Keep the text of the data exactly as it is and omit each picture from the copy.

## Source data
%%
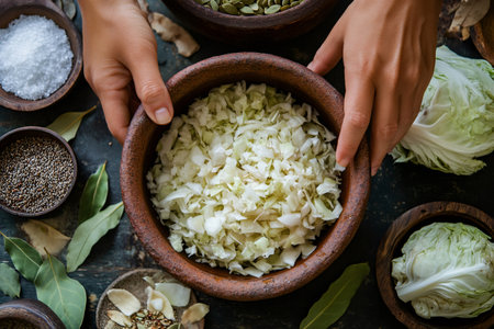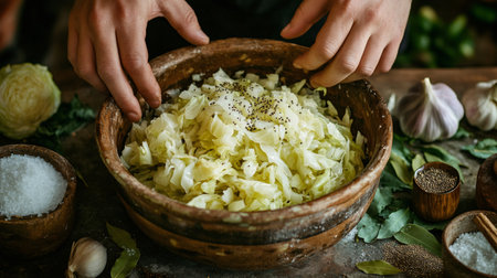 Chef is adding spices to a wooden bowl of sauerkraut, with ingredients surrounding it on a wooden table
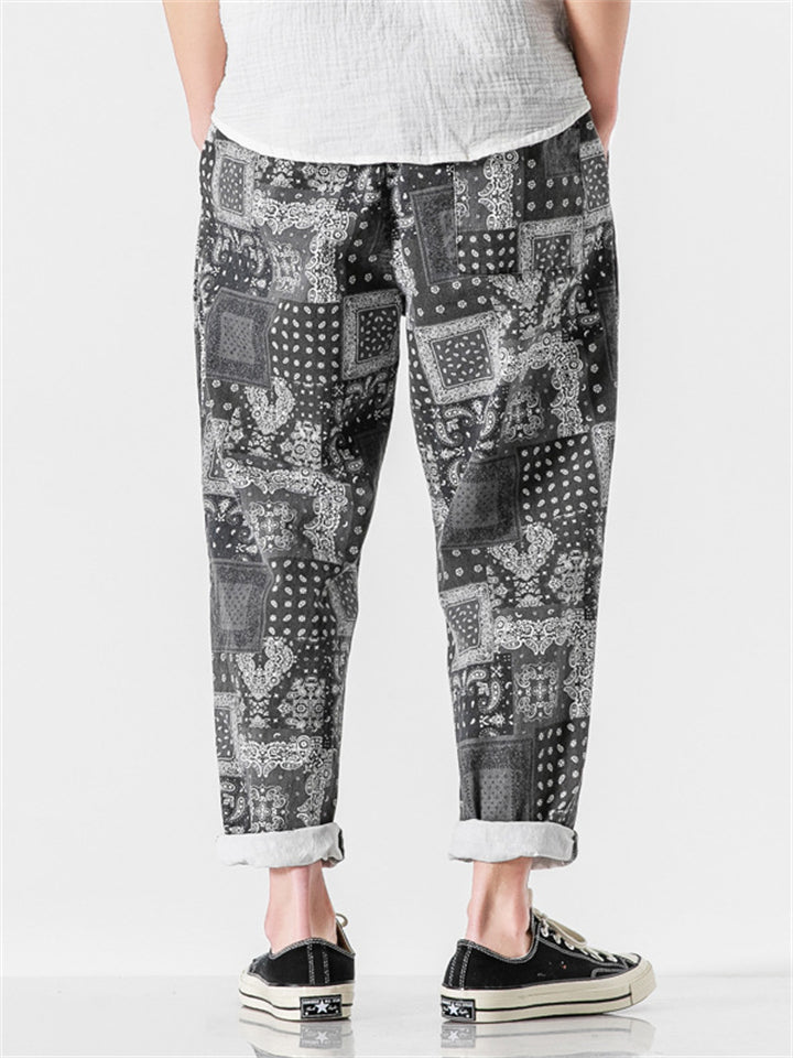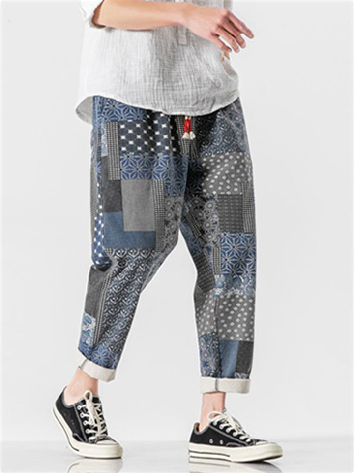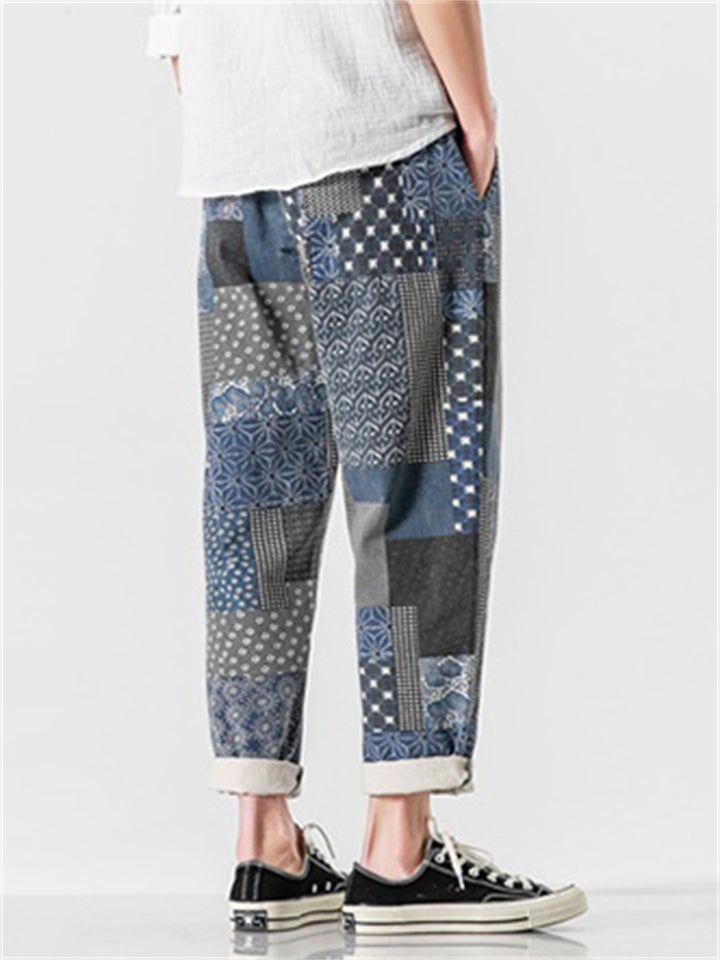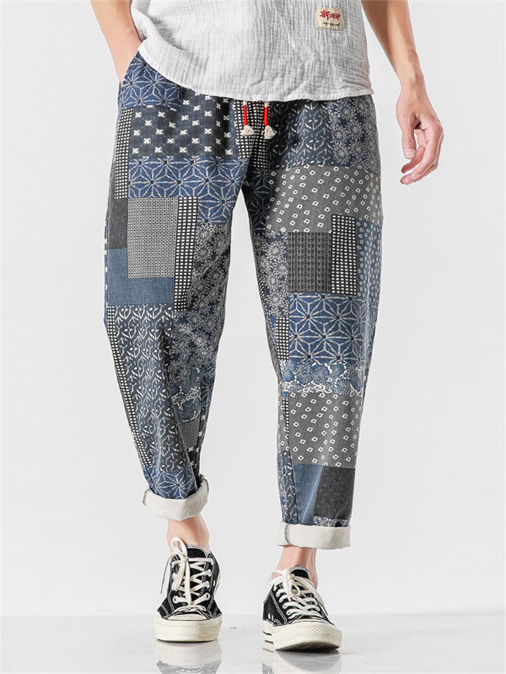 Men's Casual Plaid Stripe Patchwork Wide Leg Cropped Pants
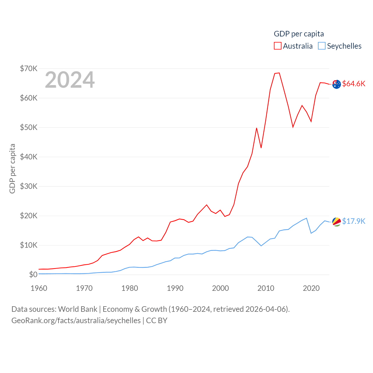 By GDP, Australia ranks 14/197 ($1.76T) and The Seychelles ranks 178/197 ($2.17B). By GDP per capita, Australia ranks 14/197 ($64,604), while The Seychelles ranks 63/197 ($17,859).
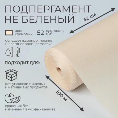 Подпергамент изготовлен из целлюлозы жирного помола. Обладает жаропрочностью и влагонепроницаемостью.
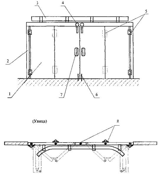 1 - щитовое полотно; 2 - элементы обрамления проема; 3 - ручка; 4 - запирающее устройство; 5 - нижняя опорная балка; 6 - привод; 7 - силовая (несущая) рама; 8 - роликовые опоры
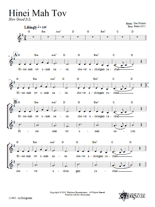 Download or print Dan Nichols Hinei Mah Tov sheet music, chords and digital score arranged for Lead Sheet / Fake Book. This Traditional score includes 3 page(s).
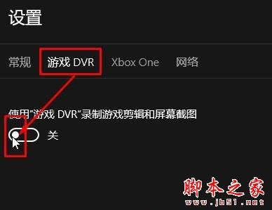 3、点击“游戏DVR”,在下面将 使用“游戏 DVR” 录制游戏剪辑和屏幕截图 的开关开启即可。
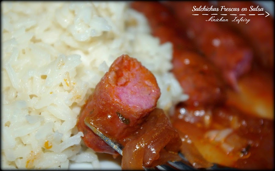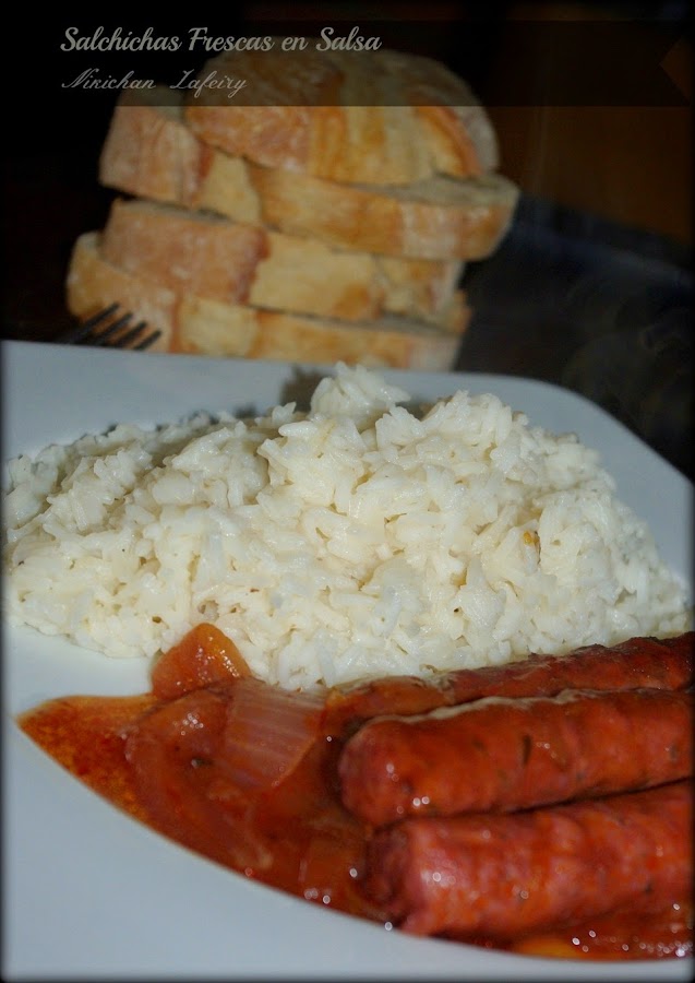 Hoy vamos a preparar un plato sencillo pero muy sabroso. Unas salchichas frescas en salsa con arroz para acompañar. Apenas tiene preparación y sale muy rico. Es importante que no se os olvide comprar el pan para mojar en la salsa. Vamos con la receta!
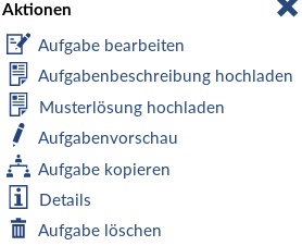 Die Aufgabenbeschreibung und eine eventuelle Musterlösung können Sie über das Aktionsmenü auch als Datei hochladen.
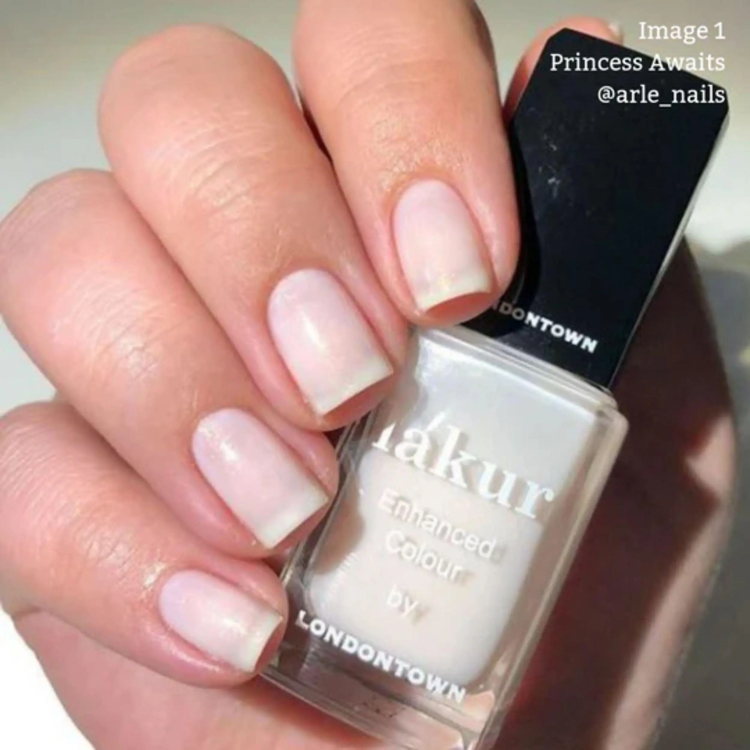 Princess Awaits is a beautiful sheer color of the palest pinkish white with just a touch of bronzy shimmer. It is very slight so no sparkling nonsense here! Just pure elegance! I have 2 coats on in the photo (These are my natural nails-no French manicure or gels or dips...)
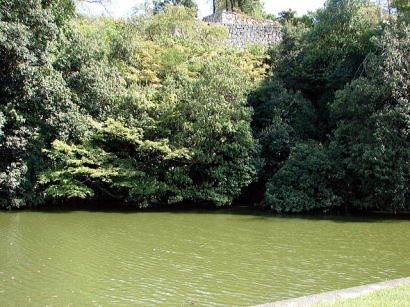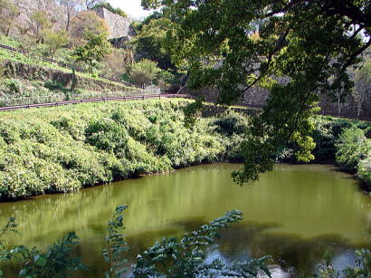 ![]() 厩濠(うまやぼり) 裏下門付近の厩濠・薬研濠は、嘉吉年間(1441〜44)の山名氏築城時の遺構と伝えられる。 |
%%
## Answer for this exercise
 Chef is adding spices to a wooden bowl of sauerkraut, with ingredients surrounding it on a wooden table
 Men's Casual Plaid Stripe Patchwork Wide Leg Cropped Pants
 By GDP, Australia ranks 14/197 ($1.76T) and The Seychelles ranks 178/197 ($2.17B). By GDP per capita, Australia ranks 14/197 ($64,604), while The Seychelles ranks 63/197 ($17,859).
 Подпергамент изготовлен из целлюлозы жирного помола. Обладает жаропрочностью и влагонепроницаемостью.
 1 - щитовое полотно; 2 - элементы обрамления проема; 3 - ручка; 4 - запирающее устройство; 5 - нижняя опорная балка; 6 - привод; 7 - силовая (несущая) рама; 8 - роликовые опоры
 Download or print Dan Nichols Hinei Mah Tov sheet music, chords and digital score arranged for Lead Sheet / Fake Book. This Traditional score includes 3 page(s).
 3、点击“游戏DVR”,在下面将 使用“游戏 DVR” 录制游戏剪辑和屏幕截图 的开关开启即可。
 Hoy vamos a preparar un plato sencillo pero muy sabroso. Unas salchichas frescas en salsa con arroz para acompañar. Apenas tiene preparación y sale muy rico. Es importante que no se os olvide comprar el pan para mojar en la salsa. Vamos con la receta!
 Die Aufgabenbeschreibung und eine eventuelle Musterlösung können Sie über das Aktionsmenü auch als Datei hochladen.
 Princess Awaits is a beautiful sheer color of the palest pinkish white with just a touch of bronzy shimmer. It is very slight so no sparkling nonsense here! Just pure elegance! I have 2 coats on in the photo (These are my natural nails-no French manicure or gels or dips...)
 ![]() 厩濠(うまやぼり) 裏下門付近の厩濠・薬研濠は、嘉吉年間(1441〜44)の山名氏築城時の遺構と伝えられる。 |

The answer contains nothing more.